I ask them if they have thought what their purpose is for marking the text and how they would know if what they are doing works for that purpose.
Then, I say something like: "Of course, what you mark depends a lot on what role the book plays in the course and on your learning style". That comment always brings a sour look, one that usually tells me that they either think: a) I'm being a smart-alec, b) this is going to be too much work, or c) I don't have a clue but don't want to admit it.
Then, I really tick them off by saying that I think highlighting alone is pretty close to worthless!
Let me explain some of this. The purpose issue we have covered earlier. What you select has to be related to your best guess of what will be important to YOU in EACH class. So, there can't be a simple answer!
Sure, we can talk about main ideas and patterns of organization. These are the basics of reading comprehension and we cover them at great length in our reading courses. Learning to identify them would be very useful in all reading (and listening) situations.
Let's go back to highlighting. Why do you highlight something? Because it's important, right? Right, highlighting tells you at some later point that the information was important. What it doesn't tell you is WHY OR WHAT MAKES that piece of information was important!
This is a key — it is so much more valuable, both as you are reading and later, to indicate what made this worth marking. For example: did you find the definition of episodic memory? If so, don't just highlight it, write "def" next to it. Or code it, along with all your other definitions, in green highlighter. Or box the term and underline the definition with a regular pen. Or write the term and the definition in the margin.
All of these are more active strategies that identify what made the piece of information important to learn. You are selecting and organizing. It also makes it easier to do feedback and to check retrieval later on (just turn the label into a question and ask yourself: What is the definition of episodic memory?)
For many students, the greatest value comes from the process reading of something, identifying a label for it and then putting it on or near in some form. You can use the headings, objectives, review questions, summary, key words, etc. for clues to how to label the information.
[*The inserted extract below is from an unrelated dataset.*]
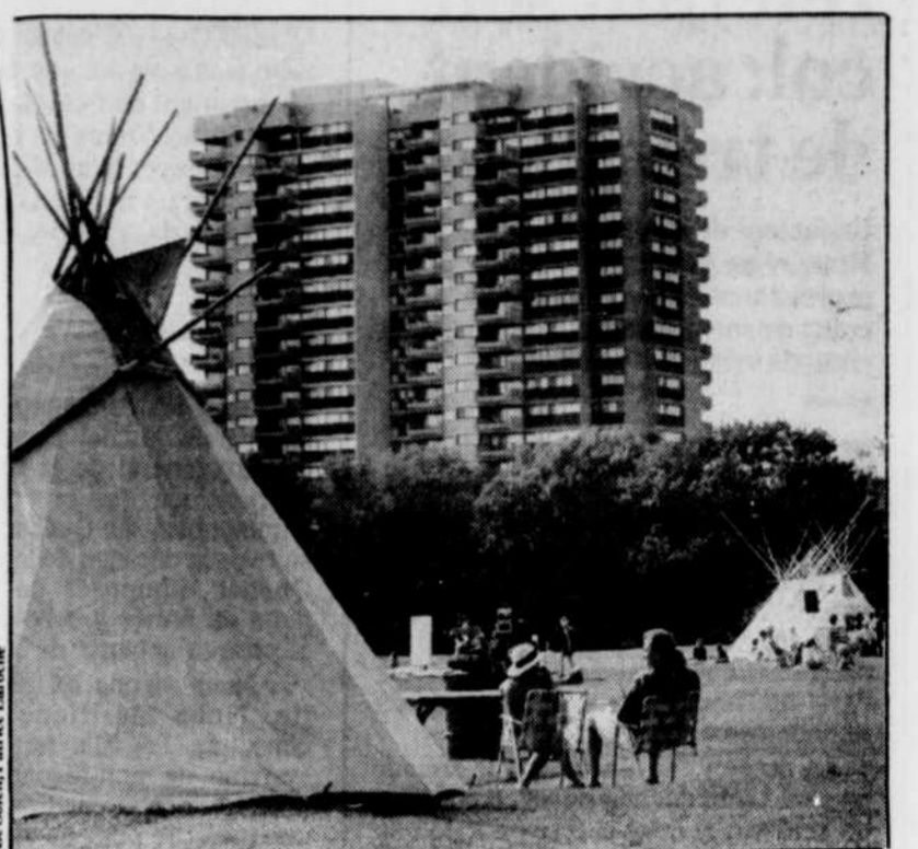
Il n'y a pas foule à la Conférence mondiale des jeunes indigènes, sur les Plaines d'Abraham. Les organisateurs de l'événement attendaient 1500 participants, mais on n'en compte jusqu'à maintenant qu'environ 200, dont bon nombre de Cris.

vacances en France, il fera alors ses premiers commentaires substantiels sur les derniers développements constitutionnels.

For example: You are reading in you textbook about skin cancer — in reading terms we call this the "topic". Whenever you find something that seems important, ask yourself: "What point is the author making here about skin cancer?" or "What is important to learn here about skin cancer?" Is it the types or kinds?, the causes?, the treatments? the stages of development? Whatever it is, don't just highlight or underline it — LABEL IT! Then you can go back and use the note in the margin to ask yourself: "What are the three main types of skin cancer" and work that piece of information into your LTM! (And, if at some later point, you need come back to the text, you won't have to read the whole thing over to figure out what about skin cancer made you want to turn that section yellow!)
- Try to read one heading or sub-heading's worth of material before marking rather than marking sentence-by-sentence. This gives you a clearer picture of the main points and how the details fit together. (Refer to "reading" in the SQ4R mini-lecture.)
- Try to develop a consistent coding system.
- Use brackets of various types in the margins (with labels, of course) rather than highlighting or underlining whole sections of text. For example: The author defined the term "boycott" and then gave a one-paragraph illustration of Rosa Parks and riding the bus... You could put a bracket next to the whole Rosa Parks paragraph and label it "BOYCOTT EX. — ROSA PARKS"
- Write margin markings in complete points and include numbers when appropriate. For example: three types of memory, six steps in the information processing model, 12 memory principles, four main causes of the Civil War.
- Write markings as questions. For example: What are the six steps in SQ4R?